● ASSIGNMENT: Leaving out all pictures, give again each line exactly, from the start of the listing through the line that contains "Elevate your style".

══════════

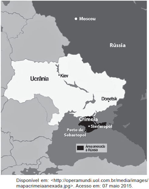 A anexação à Rússia da região ucraniana destacada na imagem provocou a seguinte situação geopolítica:
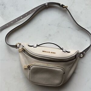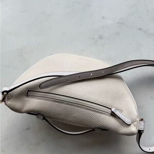 Elevate your style with this Michael Kors cream leather crossbody bag. Perfect for any occasion, it combines elegance and functionality.
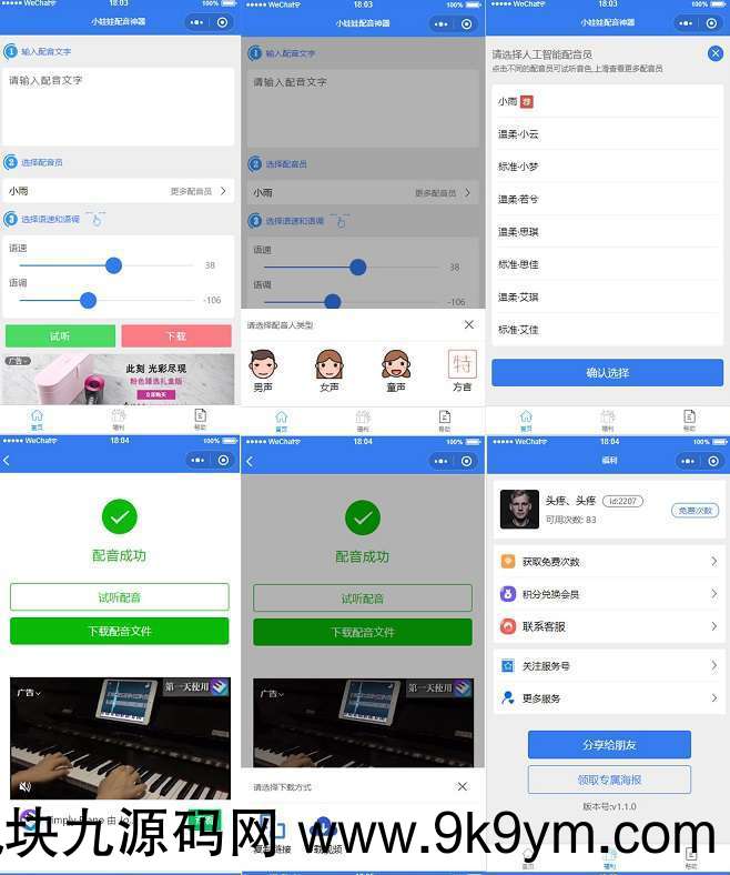 配音员的添加修改,设置推荐,设置配音员的试听文字。首页轮播图支持。体验的小程序上暂时没有放出来,海报支持导流到其他的小程序,打开h5页面,banner广告,格子广告朋友圈海报合成的支持发现导流。该小程序是功能类的小程序,可以通过福利种的发现页面导流到其他的小程序中,形成流量圈兑换设置,支持积分兑换次数,积分兑换次数用户qa设置裂变,用户分享增加用户次数自定义小程序标题分享设置关注公众号非ip授权,不限制小程序接入数
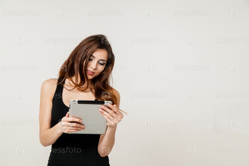 Молодая женщина, держащая планшетных ПК
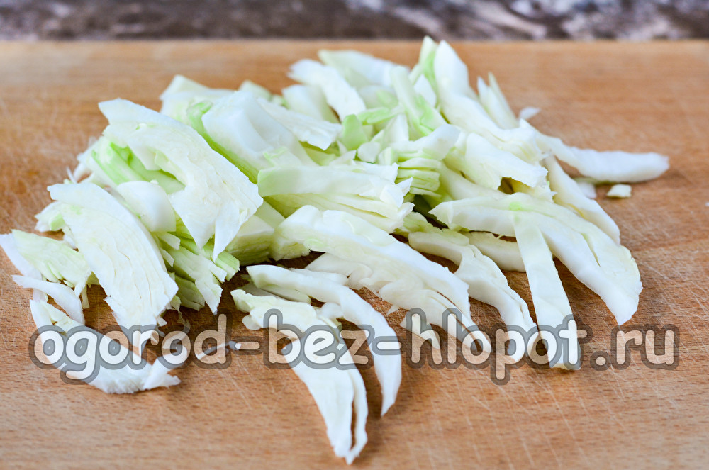 Отстранете горните листа от зелето, след което зеленчука нарежете на ивици. Зелето може да се нарязва с остър нож или да се използва специален ренде.
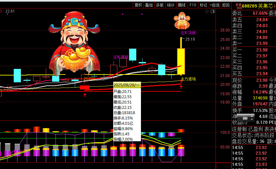 ㊙️庄K突破㊙️尾盘搞🥢点英集芯,止跌回踩买入涨停14%🈶🈚王者💪🐮🎉
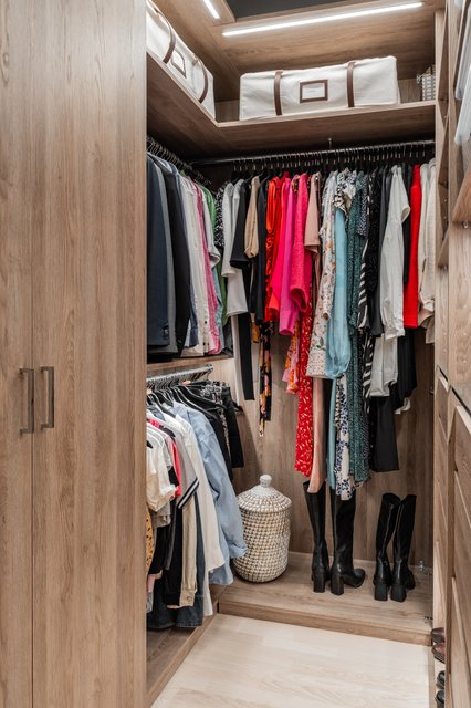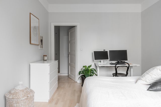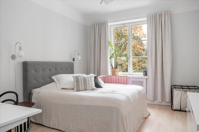 Molemmat makuuhuoneet ovat tilavia ja avaria, ja niiden ikkunat avautuvat vehreälle sisäpihalle. Toisessa makuuhuoneessa on reilusti kaappitilaa, ja lisäksi käytössä on erillinen vaatehuone, joka on varustettu kotimaisen Inarian mittatilauskaapistoilla. Myös toisen makuuhuoneen ja eteisen kaapistot ovat Inarian, ja ne tarjoavat runsaasti säilytystilaa.
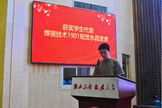 程玉兰宣读表彰决定并向92名考取研究生的2023届毕业生表达祝贺。获奖员工代表焊接技术1901班贺永昌发言中,代表全体获奖员工感谢员工的关心和鼓励,感谢老师的培养、指导和帮助。

══════════

● ANSWER TO THIS PROBLEM:
 A anexação à Rússia da região ucraniana destacada na imagem provocou a seguinte situação geopolítica:
 Elevate your style with this Michael Kors cream leather crossbody bag. Perfect for any occasion, it combines elegance and functionality.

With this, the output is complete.